What you will do ▸
Could you restate word for word only the lines below from the one holding "Fototapeta premium Houses" to the one holding "여름철 걸리기 쉬운 유행성", inclusive, and leave out the pictures?

===== Task data =====

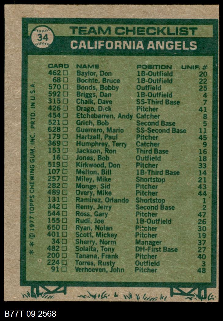 | 1977 Topps #34 - Norm Sherry Angels Team Checklist | 4 - VG/EX | Front | Back |
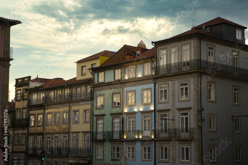 Fototapeta premium Houses in old town Porto, Portugal. At sunrise.
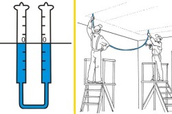Схема разметки потолка при помощи водяного уровня.
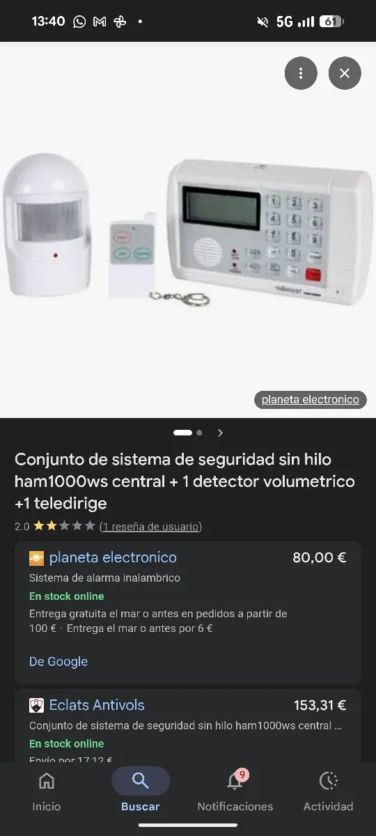 Sistema de seguridad inalámbrico Velleman ham1000ws con central y detector volumétrico. - Incluye mando a distancia. - Fácil de instalar. 40€ la unidad
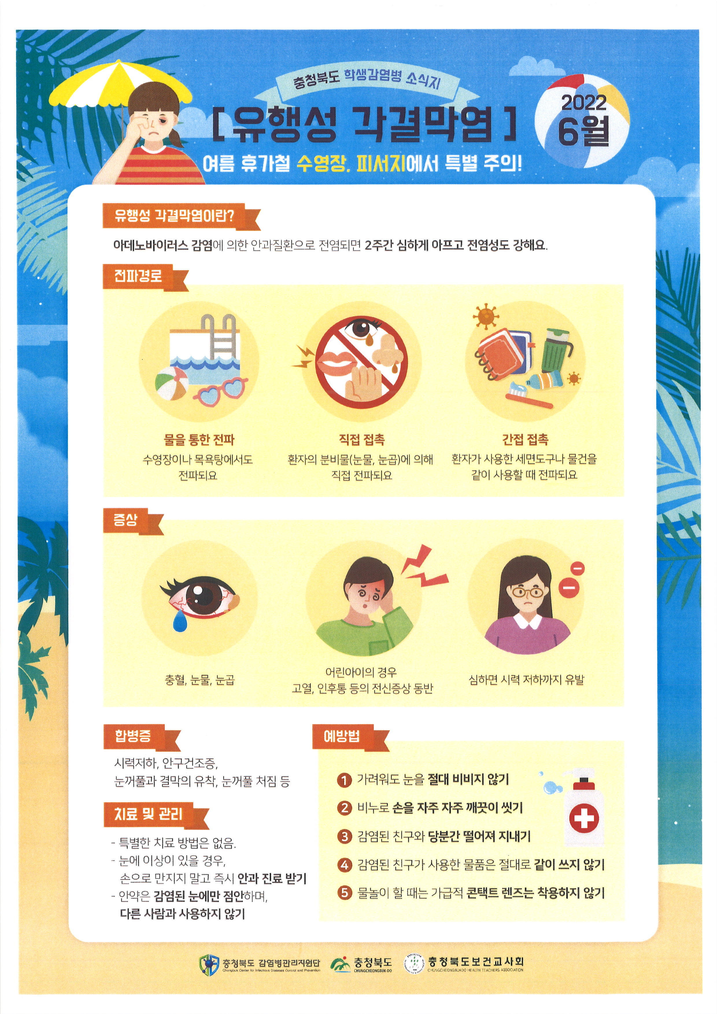 여름철 걸리기 쉬운 유행성 각결막염의 예방 및 관리에 관한 안내입니다. 눈에 이상이 있을 경우 손으로 비비지 말고 바로 안과진료를 받아볼 수 있도록 가정내에서도 건강관리에 힘써주시기 바랍니다.
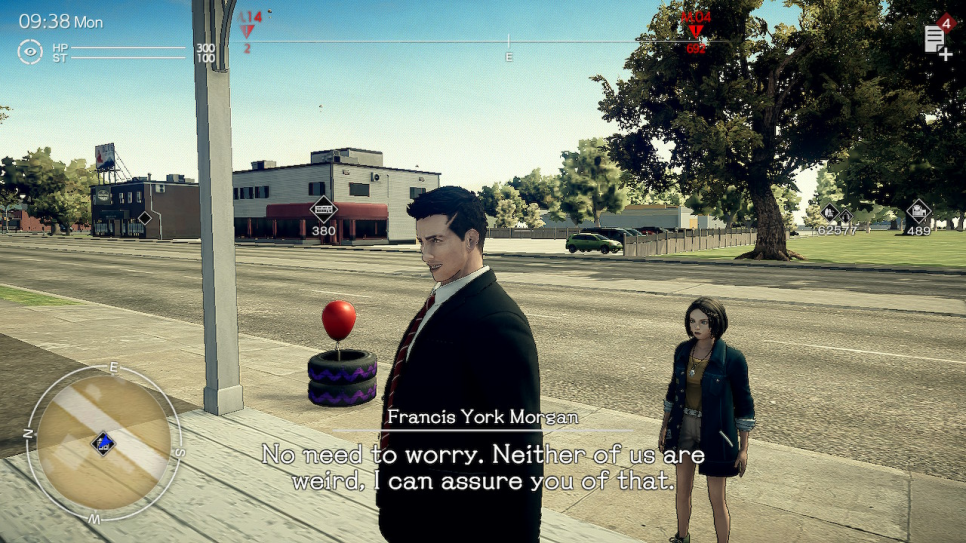 Zowel de dorp- en actiesegmenten verweven een verhaal dat in het begin veel lijkt op die van het origineel, maar uiteindelijk wordt het geheel veel meer in een hele persoonlijke richting geduwd. De sequel gaat in op thema’s zoals het overkomen van demonen uit het verleden en de betekenis van een nieuwe start creëren. Swery’s genuanceerde en vermakelijke schrijfstijl leidt uiteindelijk ook tot een bevredigende conclusie. Dit is met gemak een van de meest grappige en geestige games die er zijn. De onderliggende oprechtheid van alles zorgt ervoor dat je geïnvesteerd raakt, ongeacht hoe gek ook bepaalde situaties worden.
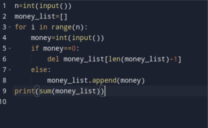 첫 번째 줄에 정수 K가 주어진다. (1 ≤ K ≤ 100,000) 이후 K개의 줄에 정수가 1개씩 주어진다. 정수는 0에서 1,000,000 사이의 값을 가지며, 정수가 "0" 일 경우에는 가장 최근에 쓴 수를 지우고, 아닐 경
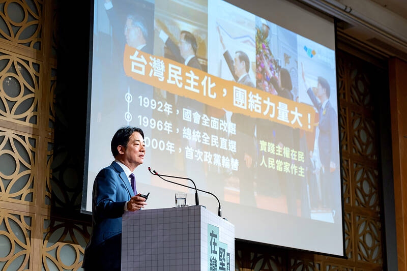 Lai also restated former president Tsai Ing-wen’s (蔡英文) “four commitments,” which refer to Taiwan’s commitment to a democratic constitutional system, not being subordinate to China, protecting national sovereignty and the right of Taiwanese alone to determine their future.
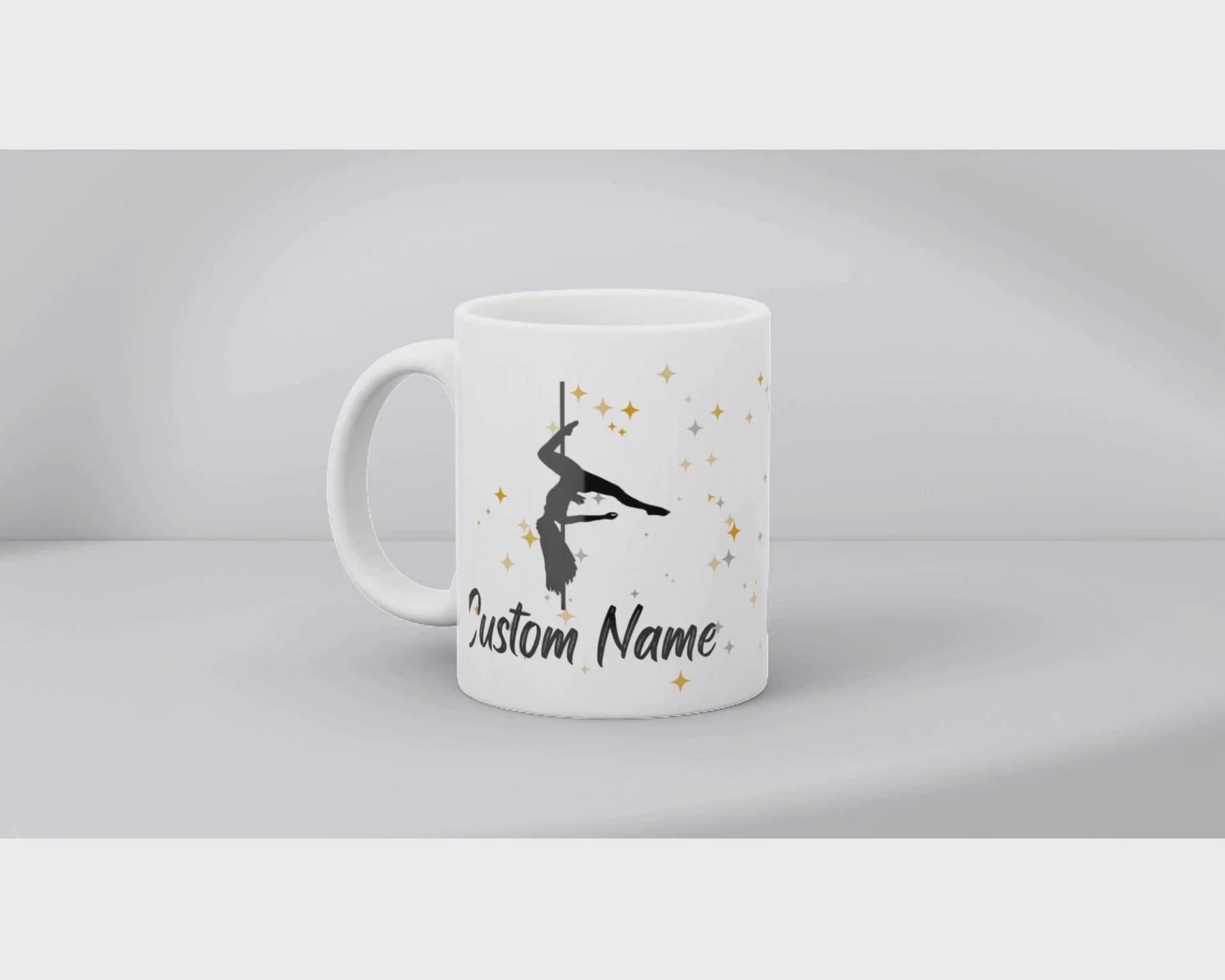 Give the ultimate personalised gift for pole dance lovers with our Personalised Name Pole Dancer Gift Mug! This elegant 11oz ceramic mug can be customized with your name, your friend’s name, or even your daughter’s name, making it a unique and thoughtful present. Featuring a stylish pole dancer silhouette and stars, this mug is both functional and fashionable—perfect for sipping your morning coffee or enjoying a cozy drink after pole class. Made with high-quality ceramic, it's lead-free, microwave, dishwasher, and freezer-safe, with a matte non-slip base for stability.

=====

Task answer ▸
 Fototapeta premium Houses in old town Porto, Portugal. At sunrise.
Схема разметки потолка при помощи водяного уровня.
 Sistema de seguridad inalámbrico Velleman ham1000ws con central y detector volumétrico. - Incluye mando a distancia. - Fácil de instalar. 40€ la unidad
 여름철 걸리기 쉬운 유행성 각결막염의 예방 및 관리에 관한 안내입니다. 눈에 이상이 있을 경우 손으로 비비지 말고 바로 안과진료를 받아볼 수 있도록 가정내에서도 건강관리에 힘써주시기 바랍니다.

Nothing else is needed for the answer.